Data segment ::
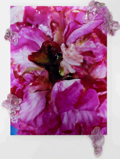
© Lucile Boiron, Partie humide I, Mater, 2022, Galerie Hors-Cadre
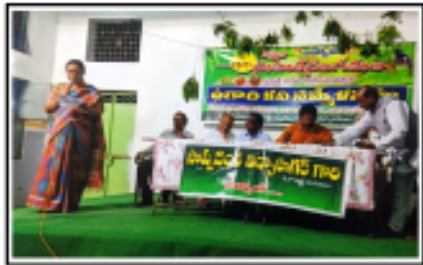
వెన్నెల సాహితీ సంగమం, సిద్దిపేట 'ఉగాది కవిసమ్మేళనం' సందర్భంగా
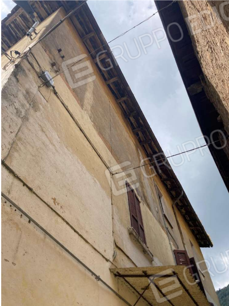
Figura 6: tetto condominiale in legno, fronte nord

Work instructions :: Images are to be omitted; repeat the remaining data above exactly.

The completed task ::
© Lucile Boiron, Partie humide I, Mater, 2022, Galerie Hors-Cadre
వెన్నెల సాహితీ సంగమం, సిద్దిపేట 'ఉగాది కవిసమ్మేళనం' సందర్భంగా
Figura 6: tetto condominiale in legno, fronte nord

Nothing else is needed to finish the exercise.